TASK DESCRIPTION: Only one span of the material below is wanted. Output it exactly, from the line with "As a PT, I knew" through the line with "超薄型でコンパクト:厚さに応", without any pictures.

SUPPLIED RECORDS:
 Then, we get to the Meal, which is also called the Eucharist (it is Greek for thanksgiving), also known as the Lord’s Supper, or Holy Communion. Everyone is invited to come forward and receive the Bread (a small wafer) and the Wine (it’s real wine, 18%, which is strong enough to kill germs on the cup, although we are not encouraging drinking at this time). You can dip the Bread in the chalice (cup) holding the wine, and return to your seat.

* * *

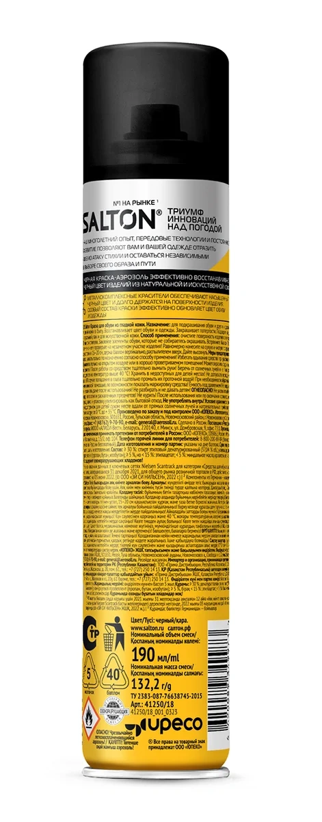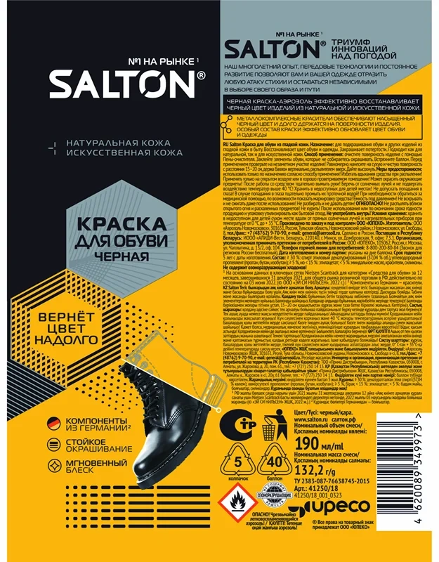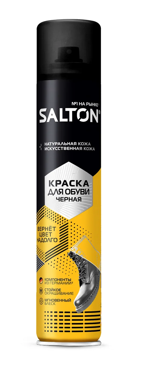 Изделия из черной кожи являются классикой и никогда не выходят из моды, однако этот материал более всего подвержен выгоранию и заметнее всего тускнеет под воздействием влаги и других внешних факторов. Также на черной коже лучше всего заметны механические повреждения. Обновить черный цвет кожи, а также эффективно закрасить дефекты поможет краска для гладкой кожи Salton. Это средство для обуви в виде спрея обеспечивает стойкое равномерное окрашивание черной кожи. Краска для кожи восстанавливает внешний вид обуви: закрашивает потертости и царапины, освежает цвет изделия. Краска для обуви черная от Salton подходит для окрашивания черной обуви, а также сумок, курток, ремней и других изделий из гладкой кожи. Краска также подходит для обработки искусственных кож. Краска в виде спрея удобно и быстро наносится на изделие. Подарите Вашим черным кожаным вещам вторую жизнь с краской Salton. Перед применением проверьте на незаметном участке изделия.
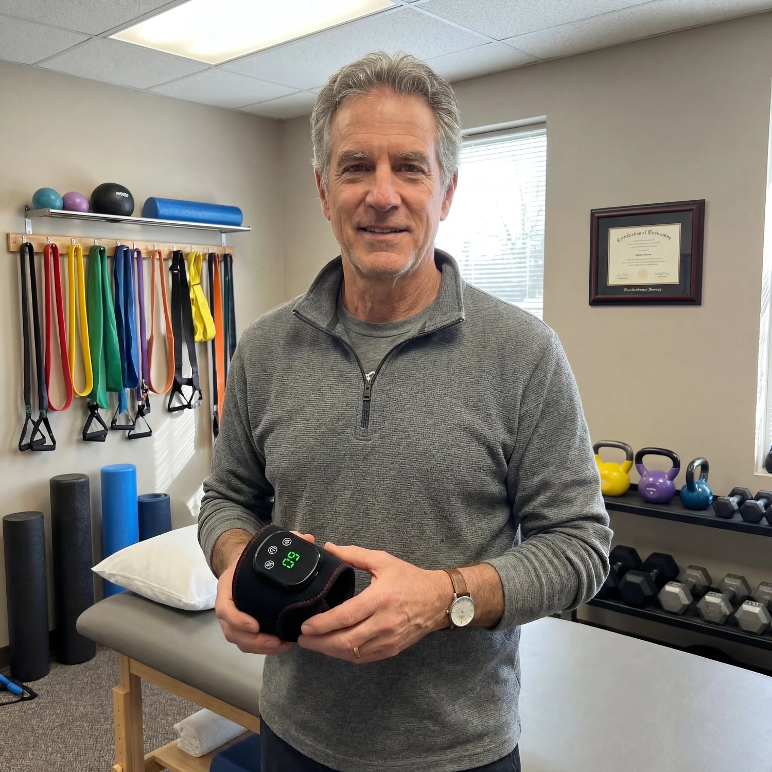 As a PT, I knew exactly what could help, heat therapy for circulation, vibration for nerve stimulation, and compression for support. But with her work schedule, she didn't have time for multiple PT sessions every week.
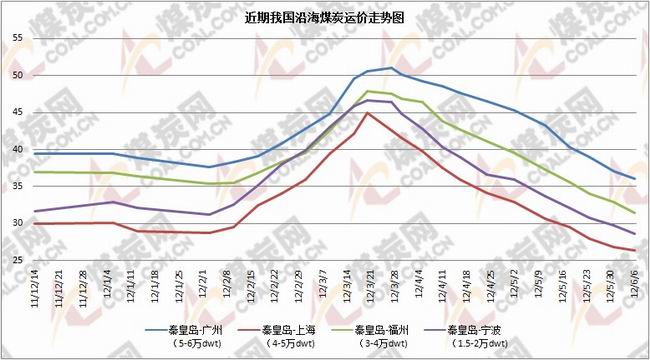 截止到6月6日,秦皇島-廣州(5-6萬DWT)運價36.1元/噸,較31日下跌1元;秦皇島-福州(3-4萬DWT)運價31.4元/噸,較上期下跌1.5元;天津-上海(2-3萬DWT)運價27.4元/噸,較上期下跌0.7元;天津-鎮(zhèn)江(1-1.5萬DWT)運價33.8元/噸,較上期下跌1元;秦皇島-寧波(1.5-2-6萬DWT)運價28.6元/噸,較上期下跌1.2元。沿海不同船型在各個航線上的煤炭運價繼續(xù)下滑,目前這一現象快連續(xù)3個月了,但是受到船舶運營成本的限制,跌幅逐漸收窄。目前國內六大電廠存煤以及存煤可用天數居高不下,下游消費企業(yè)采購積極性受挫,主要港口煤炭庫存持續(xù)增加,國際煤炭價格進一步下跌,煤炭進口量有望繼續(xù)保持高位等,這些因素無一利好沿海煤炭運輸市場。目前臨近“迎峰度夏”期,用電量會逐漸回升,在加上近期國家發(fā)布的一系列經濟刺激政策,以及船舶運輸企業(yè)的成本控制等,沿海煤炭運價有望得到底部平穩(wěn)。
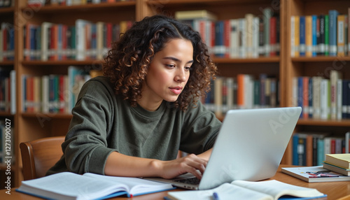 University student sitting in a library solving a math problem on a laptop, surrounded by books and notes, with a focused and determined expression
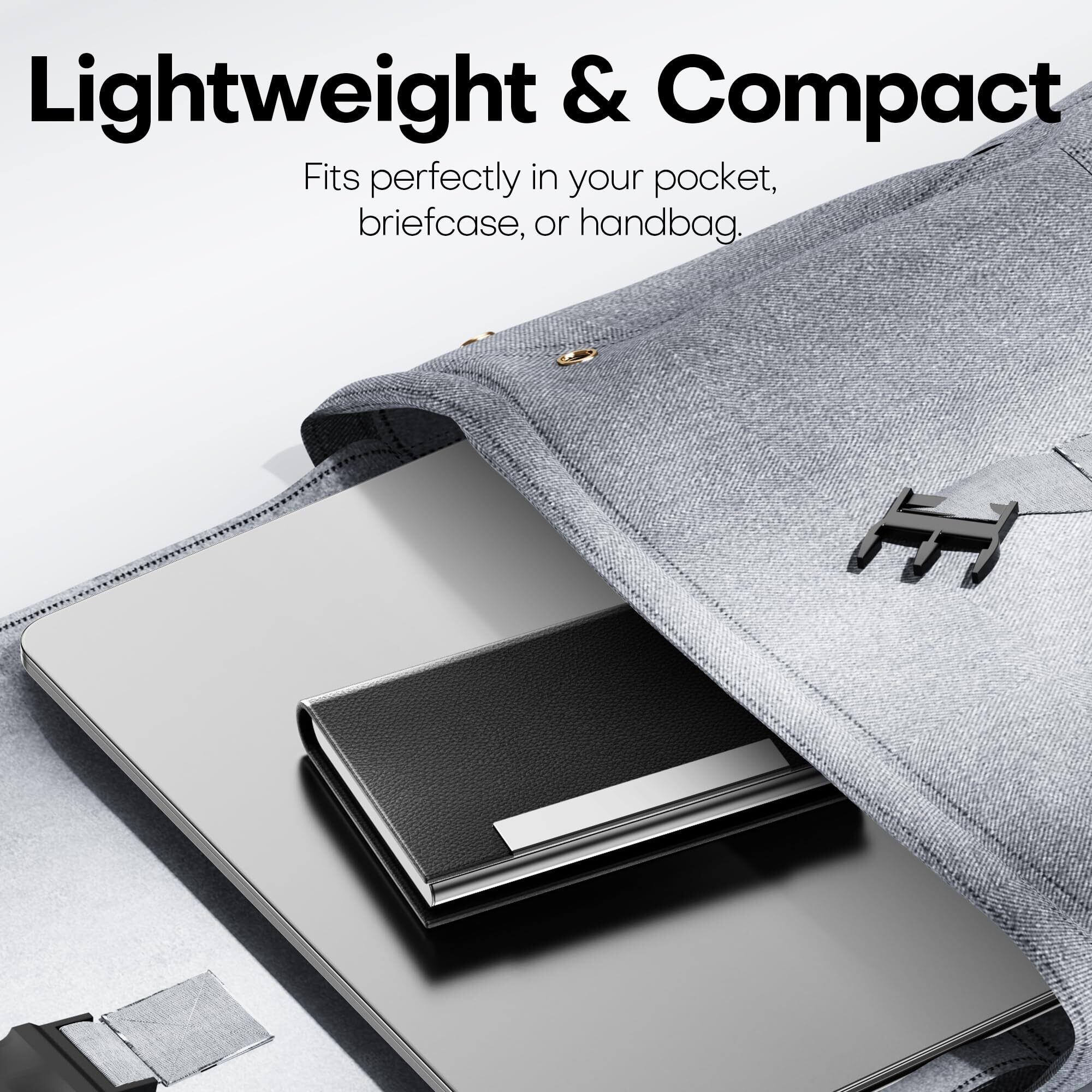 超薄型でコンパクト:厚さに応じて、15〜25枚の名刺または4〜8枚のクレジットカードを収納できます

WRITTEN ANSWER:
 As a PT, I knew exactly what could help, heat therapy for circulation, vibration for nerve stimulation, and compression for support. But with her work schedule, she didn't have time for multiple PT sessions every week.
 截止到6月6日,秦皇島-廣州(5-6萬DWT)運價36.1元/噸,較31日下跌1元;秦皇島-福州(3-4萬DWT)運價31.4元/噸,較上期下跌1.5元;天津-上海(2-3萬DWT)運價27.4元/噸,較上期下跌0.7元;天津-鎮(zhèn)江(1-1.5萬DWT)運價33.8元/噸,較上期下跌1元;秦皇島-寧波(1.5-2-6萬DWT)運價28.6元/噸,較上期下跌1.2元。沿海不同船型在各個航線上的煤炭運價繼續(xù)下滑,目前這一現象快連續(xù)3個月了,但是受到船舶運營成本的限制,跌幅逐漸收窄。目前國內六大電廠存煤以及存煤可用天數居高不下,下游消費企業(yè)采購積極性受挫,主要港口煤炭庫存持續(xù)增加,國際煤炭價格進一步下跌,煤炭進口量有望繼續(xù)保持高位等,這些因素無一利好沿海煤炭運輸市場。目前臨近“迎峰度夏”期,用電量會逐漸回升,在加上近期國家發(fā)布的一系列經濟刺激政策,以及船舶運輸企業(yè)的成本控制等,沿海煤炭運價有望得到底部平穩(wěn)。
 University student sitting in a library solving a math problem on a laptop, surrounded by books and notes, with a focused and determined expression
 超薄型でコンパクト:厚さに応じて、15〜25枚の名刺または4〜8枚のクレジットカードを収納できます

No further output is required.